Focusing on the southwestern corner of North America, Australia's outback, the Middle East, and some parts of Africa, Randall Donohue of the Commonwealth Scientific and Industrial Research Organization (CSIRO) in Canberra, Australia and his colleagues developed and applied a mathematical model to predict the extent of the carbon-dioxide (CO2) fertilization effect. They then tested this prediction by studying satellite imagery and teasing out the influence of carbon dioxide on greening from other factors such as precipitation, air temperature, the amount of light, and land-use changes.
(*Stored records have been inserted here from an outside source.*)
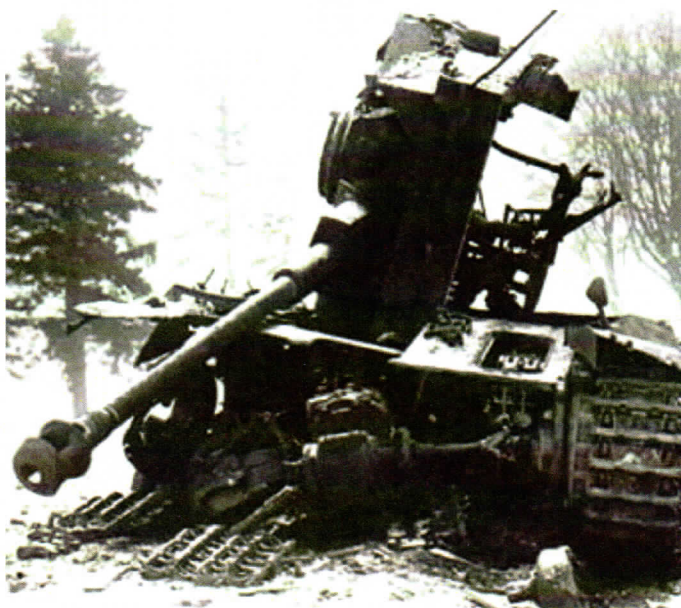
The Battle of the Bulge, 1944-45: a shattered German tank, its turret blown off by anti-tank fire.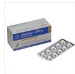
Nexavar 200 Mg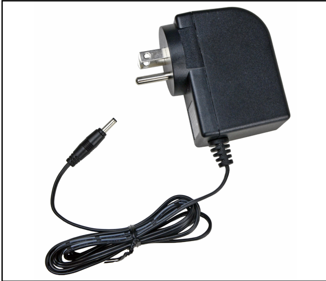
Figure 2. North American power adapter included with the 19239 and 19242 Mini Monitors

The team's model predicted that foliage would increase by some 5 to 10 percent given the 14 percent increase in atmospheric CO2 concentration during the study period. The satellite data agreed, showing an 11 percent increase in foliage after adjusting the data for precipitation, yielding "strong support for our hypothesis," the team reports.
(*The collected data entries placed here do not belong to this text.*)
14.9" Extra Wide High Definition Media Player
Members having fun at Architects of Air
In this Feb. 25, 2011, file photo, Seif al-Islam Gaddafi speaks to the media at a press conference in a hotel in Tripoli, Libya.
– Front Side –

"Lots of papers have shown an average increase in vegetation across the globe, and there is a lot of speculation about what's causing that," said Donohue of CSIRO's Land and Water research division, who is lead author of the new study. "Up until this point, they've linked the greening to fairly obvious climatic variables, such as a rise in temperature where it is normally cold or a rise in rainfall where it is normally dry. Lots of those papers speculated about the CO2 effect, but it has been very difficult to prove."
He and his colleagues present their findings in an article that has been accepted for publication in Geophysical Research Letters, a journal of the American Geophysical Union.
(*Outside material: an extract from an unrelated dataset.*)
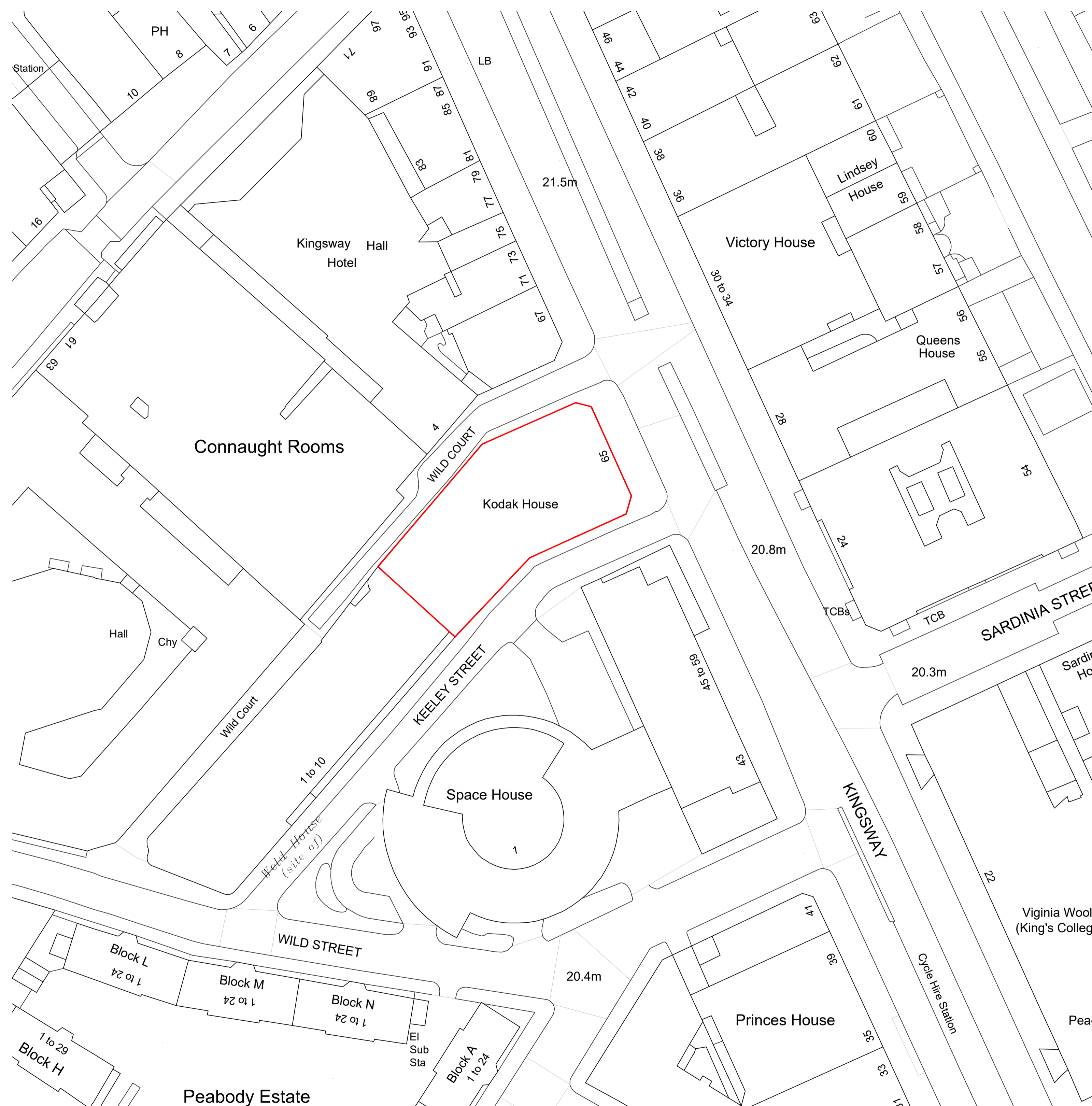
01 Existing Site Plan 10.101 1:500@A1

The team looked for signs of CO2 fertilization in arid areas, Donohue said, because "satellites are very good at detecting changes in total leaf cover, and it is in warm, dry environments that the CO2 effect is expected to most influence leaf cover." Leaf cover is the clue, he added, because "a leaf can extract more carbon from the air during photosynthesis, or lose less water to the air during photosynthesis, or both, due to elevated CO2." That is the CO2 fertilization effect.
But leaf cover in warm, wet places like tropical rainforests is already about as extensive as it can get and is unlikely to increase with higher CO2 concentrations. In warm, dry places, on the other hand, leaf cover is less complete, so plants there will make more leaves if they have enough water to do so. "If elevated CO2 causes the water use of individual leaves to drop, plants will respond by increasing their total numbers of leaves, and this should be measurable from satellite," Donohue explained.
To tease out the actual CO2 fertilization effect from other environmental factors in these regions, the researchers first averaged the greenness of each location across 3-year periods to account for changes in soil wetness and then grouped that greenness data from the different locations according to their amounts of precipitation. The team then identified the maximum amount of foliage each group could attain for a given precipitation, and tracked variations in maximum foliage over the course of 20 years. This allowed the scientists to remove the influence of precipitation and other climatic variations and recognize the long-term greening trend.
In addition to greening dry regions, the CO2 fertilization effect could switch the types of vegetation that dominate in those regions. "Trees are re-invading grass lands, and this could quite possibly be related to the CO2 effect," Donohue said. "Long lived woody plants are deep rooted and are likely to benefit more than grasses from an increase in CO2."
"The effect of higher carbon dioxide levels on plant function is an important process that needs greater consideration," said Donohue. "Even if nothing else in the climate changes as global CO2 levels rise, we will still see significant environmental changes because of the CO2 fertilization effect."
This study was funded by CSIRO's Sustainable Agriculture Flagship, Water for a Healthy Country Flagship, the Australian Research Council and Land & Water Australia.